Do you have a refrigerator with an "icemaker"? I can remember the ice man coming to deliver ice to my grandmother's "ice box". They would deliver this big block of ice to her sink in the kitchen and she would chop it up and put it in the freezer portion of the ice box (the top part). She had no refrigerator.
Frozen food? We didn't have frozen food. We had leftovers for the next couple of days. My grandmother also used a washboard! Ask your mother what that is.
We had coal delivered to our house. Coal? Yes, coal furnaces heated our homes. The truck would back in the driveway, and we'd open up a basement window that was above the "coal bin". He would shovel it down the chute into the coal bin. That coal usually lasted us the whole winter.
Each winter day, we would shovel coal into the furnace to keep the house warm. We'd also empty out the "klinkers", (the residue of the burnt coal), put them in a container and take them out to the garbage for the rubbish men to take.
My best friend back then was a guy named Ron Perry. He lived a couple of streets away. When I went over his house to see if he wanted to come out and play, I didn't knock on the door. That was unheard of. I would stand outside the door or kitchen window and start yelling, "Oh Ron ee", "Oh Ron ee".
When he heard me, he would come out. If, after a few minutes of "calling him out", no one answered, I knew he wasn't home or he couldn't come out! That was communication!
My father worked at the Richman Brothers which was a company that made men's suits and at that time, they were one of the best suits made for the price. My father told me that one of the Richman Brothers would stand at the front door to the factory and greet every employee. He knew almost all of the hundreds of employees by their first name. How's that for a family company?
Each year the company would sponsor a picnic at a local amusement park called Euclid Beach. It was a fun place to go. Nothing like the "super parks" of today like Cedar Point.

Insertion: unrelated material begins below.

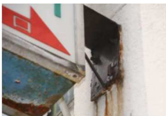
①支持部分に著しい腐食

Compare their strategy to Enron or World Com. In the bleak depression year of 1932, V.P. Frank C. Lewman of Richman Brothers Company walked glumly into Board Chairman N.G. Richman's office one day and said:
"Nathan, lets face it. We can't keep going unless we do what everyone else is doing - cut pay." Richman asked, "What would a plant wide cut save?" "About $150,000," Lewman replied.
Nathan thought for a moment, then directed: "My two brothers and I will each give up our $30,000 salary. That's $90,000. Next, let's cut all officers' salaries, including yours , one half. How much will that save?" Lewman said $60,000.
"Good!" exclaimed Richman. "There's your $150,000. Now don't go cutting anybody else's pay." Do you think any executive's today would do that? Enron could have really learned integrity from the Richman Brothers.
Today's kids are overweight and out of shape. We are raising a generation of wimps. Since we didn't have TV's and were only allowed to listen to the radio for a limited time, we had to go outside and play! We played baseball, football and hockey.
You might immediately think of a sponsored school league or CYO football. We started by playing a game called "strikings out". We would use a regular wooden baseball bat (never heard of aluminum bats. They didn't exist at that time). The ball was a tennis ball.
We had a public school two streets away from us with a big school yard. The building was L shaped and fenced in on the other two sides. We would take a piece of chalk (or gravel) and draw a strike zone on the wall. We could play with two or three players. One guy would pitch, and one would bat. If we had three, the third gut would play the outfield.
The pitcher would pitch and he could get a pretty good curve on a tennis ball. The pitcher could also throw a pretty good fast ball. If you hit a ground ball past the pitcher, it was a single. A hit over the pitchers head was a double. A fly ball that hit the fence on a bounce or a fly was a triple. A hit over the fence was a home run.
That home run could end the ball game because one fence was along a main street called Harvard avenue and a private yard was on the other side of the other fence.
If we had a third guy, he was the outfielder and sometimes caught the fly balls. We learned how to pitch and we really learned how to hit. When I joined a City of Cleveland Class F league years later, I never struck out due to the skills learned playing "strikings out".
Football was played in the fall and usually was rough tackle played in a local park or in a vacant lot, most of the time without any type of equipment. No one ever got hurt.
The streets in my neighborhood were all "red brick" streets. We didn't have cement streets. We would sometimes play rough tackle on the red brick streets and no one ever got hurt there either. (We tackled a little more carefully.)
When winter came, we played hockey in the streets. The same red brick streets that were covered with snow and ice. We didn't own ice skates, so we'd slide around on our shoes.
And guess what? During summer vacation, I left home in the morning to play ball and didn't come home until supper. No supervision, no crazy people trying to kidnap us kids and we didn't get into any trouble! All on our own.
We knew right from wrong! We rode our bikes to the school yard to play ball and we didn't wear helmets or knee pads. Mothers didn't worry, because they trusted us.